NOTE: The AWS config profile that you use will need to have some level of AWS admin priveleges in order to deploy the serverless components.
This will deploy the necessary AWS components to your AWS
Snowflake¶
Log in to your Snowflake acccount and open a new worksheet.
If this is your first SNOWWATCH datasource, run the initial setup script here. This script will need to run by one of your Snowflake admins. Ensure that your admin grants usage of the SNOWWATCH_ROLE
to you.
Next, you’ll need to gather some text values before running the setup SQL for this datasource. You’ll need:
- the name of your serverless S3 bucket where monitoring reports are saved. This should be
snowwatch-<your aws account id>
. For example,snowwatch-12345
. - The AWS Key ID and Secret Key credentials you want Snowflake to use to access your S3 bucket. While there are other ways to grant Snowflake access to your AWS resources, this is the method Hashmap uses when building scripts. For information on how to set this up, and which IAM policies to assign to the owner of these credentials, see Snowflake’s instructions here
Once you have these values, open a new worksheet in Snowflake and paste this AWS Setup SQL script into the worksheet. Place your S3 Bucket Name, AWS Key ID, and AWS Secret Key in the appropriate parts of the SQL script in the CREATE STAGE ...
command.
Lastly, you’ll need to create the LANDING_ZONE
tables where your AWS monitoring data will be stored and setup your automated ingestion logic.

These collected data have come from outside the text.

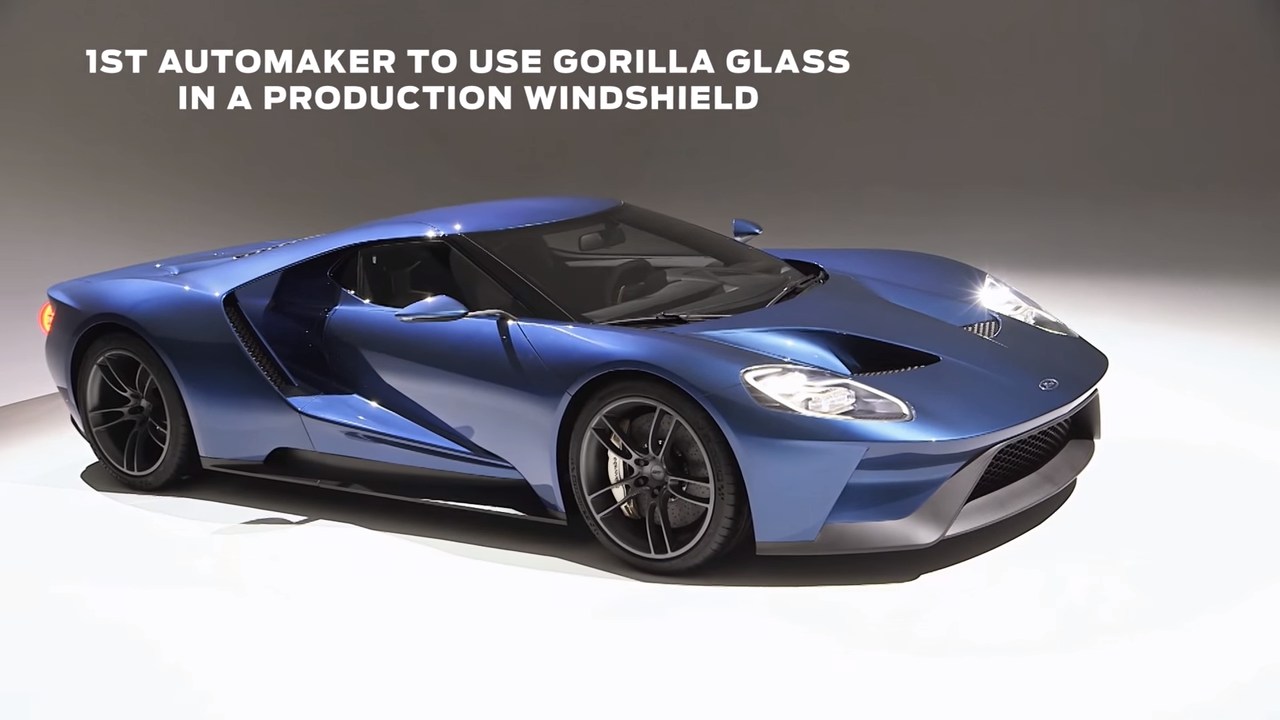 究竟 Gorilla Glass 的擋風玻璃如何令 Ford GT 跑得更快?原來是玻璃重量較一般的輕了約 12 磅,大概比同級跑車的輕了 32%,所以 Ford GT 就可以有更佳的表現。Ford 解釋指傳統擋風玻璃採用雙層玻璃以透明膠紙黏貼在一起,而 Corning 製造的 Gorilla Glass 則以強化玻璃製作內層,再以吸音塑膠製作中層,最後再以退火玻璃製作外層。Ford 指 Gorilla Glass 比一般擋風玻璃強,同時又輕 25% 至 50%。
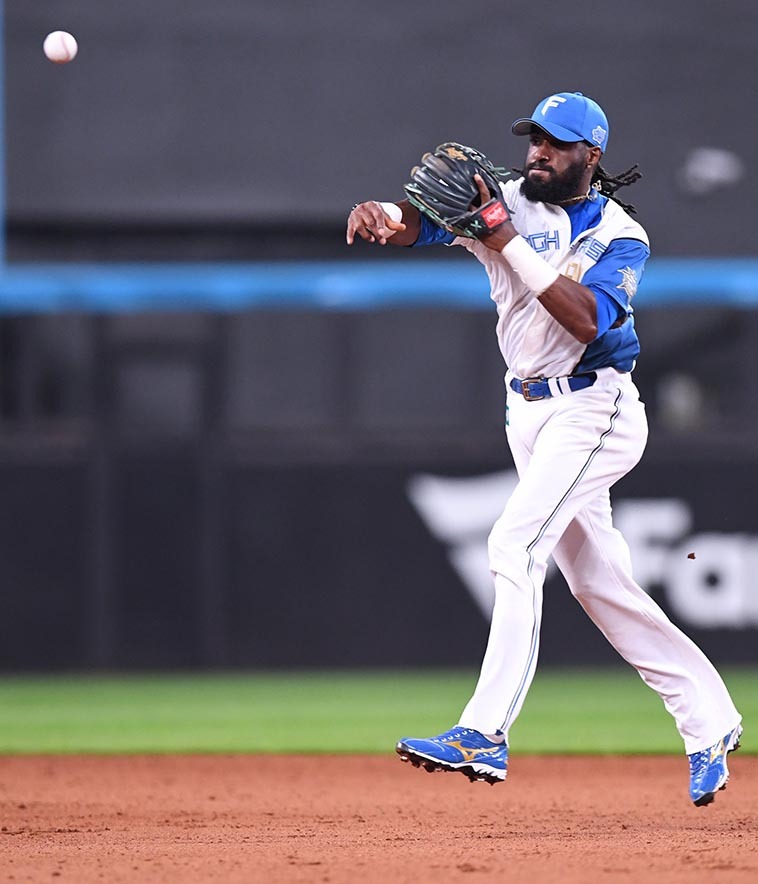 二回1死、広島・西川の打球を捕球し一塁に送球するハンソン二塁手
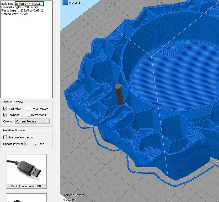 Программа показывает примерное время печати 21 час 47 минут, но в реальности было 25 часов.
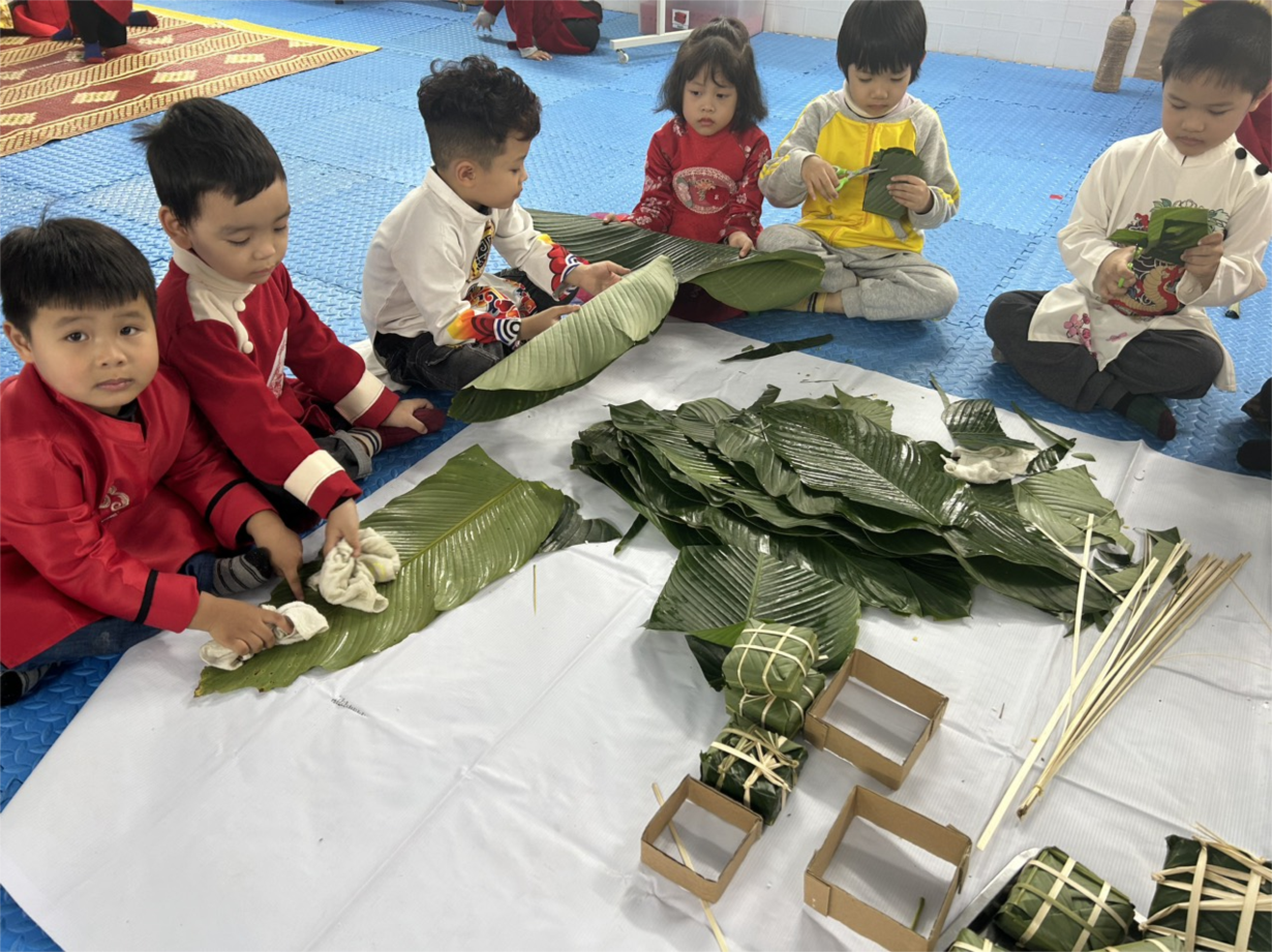 Hoà trong không khí hân hoan chào mừng xuân Giáp Thìn 2024. Lớp 5A1 trường mầm non Thành Tô đã tổ chức hoạt động trải nghiệm cho học sinh gói bánh chưng ngày tết nhằm giúp cho các bé tìm hiểu về phong tục, giáo dục nét đẹp văn hoá truyền thống của dân tộc Việt Nam, trẻ hiểu sâu sắc về ý nghĩa bánh chưng ngày tết và được cùng tham gia gói bánh cùng cô.

To do this, run each SQL script here in its own Snowflake worksheet (do yourself a favor and name the worksheets to match the SQL script filenames).

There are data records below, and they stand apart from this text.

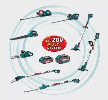 Az akkumulátoros bozótvágó az AKUMULTISYSTEM 20V sorozatba tartozik. A programhoz tartozó összes kerti szerszám és műhelyszerszám ugyanarról az akkumulátorról táplálható.
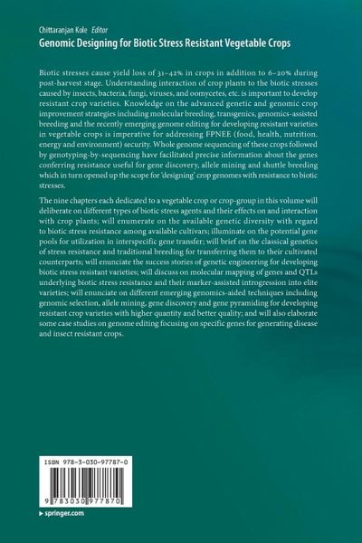 The nine chapters each dedicated to a vegetable crop or crop-group in this volume will deliberate on different types of biotic stress agents and their effects on and interaction with crop plants; will enumerate on the available genetic diversity with regard to biotic stress resistance among available cultivars; illuminate on the potential gene pools for utilization in interspecific gene transfer; will brief on the classical genetics of stress resistance and traditional breeding for transferring them to their cultivated counterparts; will enunciate the success stories of genetic engineering for developing biotic stress resistant varieties; will discuss on molecular mapping of genes and QTLs underlying biotic stress resistance and their marker-assisted introgression into elite varieties; will enunciate on different emerging genomics-aided techniques including genomic selection, allele mining, gene discovery and gene pyramiding for developing resistant crop varieties with higher quantity and better quality; and will also elaborate some casestudies ongenome editing focusing on specific genes for generating disease and insect resistant crops.
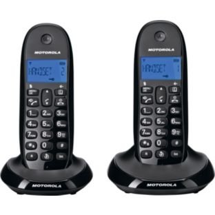 Motorola C1202 Twin Digital Cordless Phone - The Motorola C1202 digital cordless phone is an entry level telephone with a bright blue backlit display, phonebook with up to 50 names and numbers and a hands-free speakerphone.
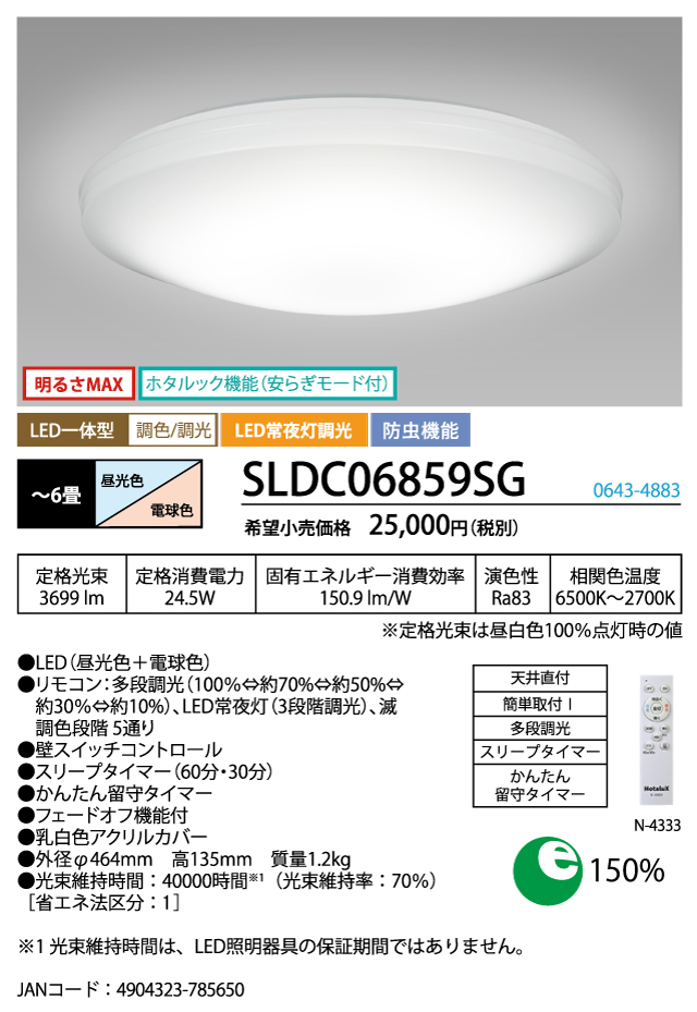 - 制御機能:リモコン:多段調光(100%⇔約70%⇔約50%⇔約30%⇔約10%)、LED常夜灯(3段階調光)、滅/調色段階5通り/壁スイッチコントロール

The final command in each of the ingestion setup SQL scripts will display details about the current snowpipe. This information will include an AWS ARN to an SQS channel that the snowpipes are monitoring for new files. Unfortunately, to connect new data events to your snowpipes, you must manually add each snowpipe to your S3 bucket’s notifications list. Luckily, each pipe has the same SQS ARN (because they share a stage).

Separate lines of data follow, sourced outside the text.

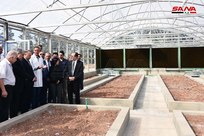 Hama -SANA / À l’occasion du 46e anniversaire de la guerre de libération d’octobre, l’usine Bio-Pesticides « Trichoderma» a été mise en service à Hama, et la première pierre du laboratoire de la lutte contre la fleur du Nil, qui se trouve dans le lit de l’Oronte, a été également mise.
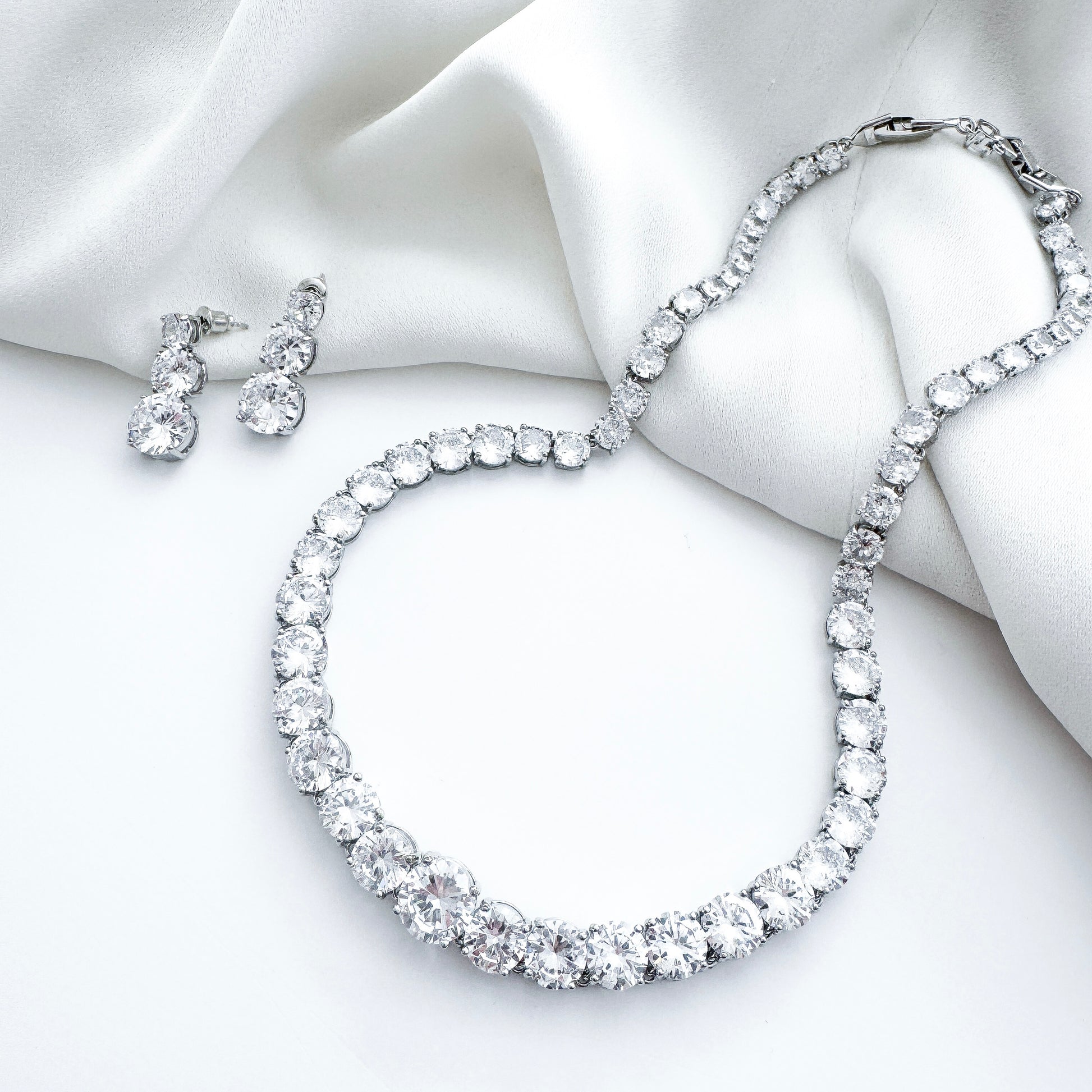 This exquisite set features AAA+ round cubic zirconia crystals, carefully graduated so that the stones are larger at the front and taper smaller around the back, creating a beautifully balanced, eye-catching sparkle. The necklace includes an adjustable extender chain for the perfect fit — whether you prefer a close, classic neckline or a slightly lower drape.
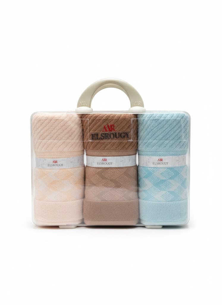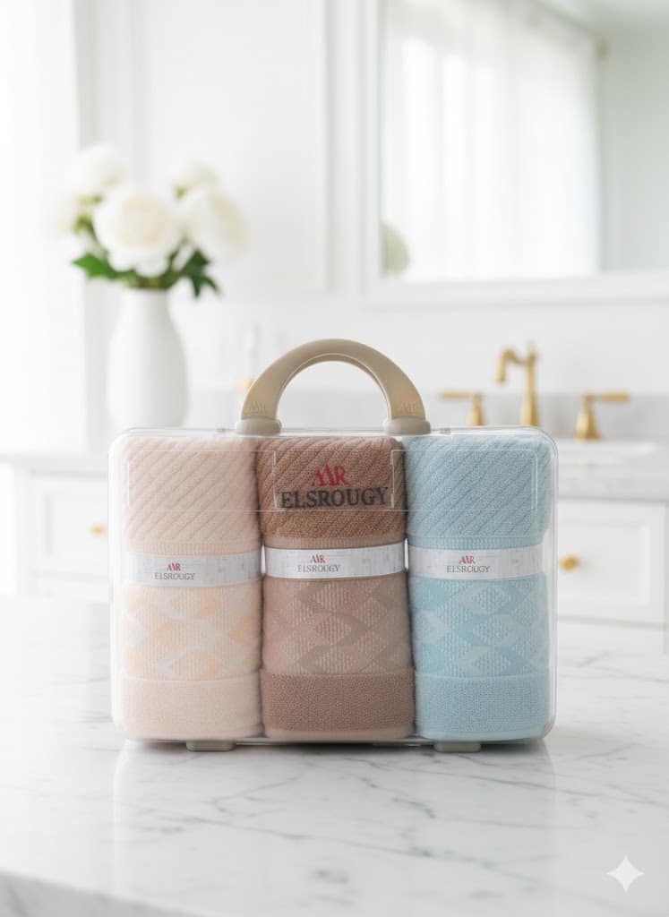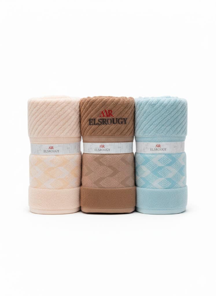 تصميم أنيق ومتنوع: يتميز بتصميمات الجاكار الأنيقة والألوان الهادئة التي تناسب كل الأذواق، مما يضيف لمسة جمالية لحمامك

Copy the ARN of the SQS queue that your snowpipes are monitoring and go to your snowwatch-<your aws account id>
S3 bucket in the AWS web console. Go to the Properties
Tab and select Events
:

You should notice that there is already an event on your S3 bucket created by the Serverless deployment to react to new log creation from Cloudtrail.
Select Add notification
and enter the following information:

You will have to create 8 total event notifications; 1 for each snowpipe. Each will share the same SQS ARN, but will have the following values:
Event Name | Prefix |
---|---|
SNOWWATCH_CLOUDTRAIL_MONITORING_PIPE | cloudtrail_monitoring/ |
SNOWWATCH_EC2_MONITORING_PIPE | ec2_monitoring/ |
SNOWWATCH_ELB_MONITORING_PIPE | elb_monitoring/ |
SNOWWATCH_SECURITY_GROUP_MONITORING_PIPE | security_group_monitoring/ |
SNOWWATCH_IAM_USER_MONITORING_PIPE | iam_monitoring/users/ |
SNOWWATCH_IAM_ROLE_MONITORING_PIPE | iam_monitoring/roles/ |
SNOWWATCH_IAM_GROUP_MONITORING_PIPE | iam_monitoring/groups/ |
SNOWWATCH_IAM_POLICY_MONITORING_PIPE | iam_monitoring/policies/ |
When you have finished, your SNOWWATCH
database should look like the following:

Data will now arrive automatically in your landing tables as new monitoring reports are generated in AWS.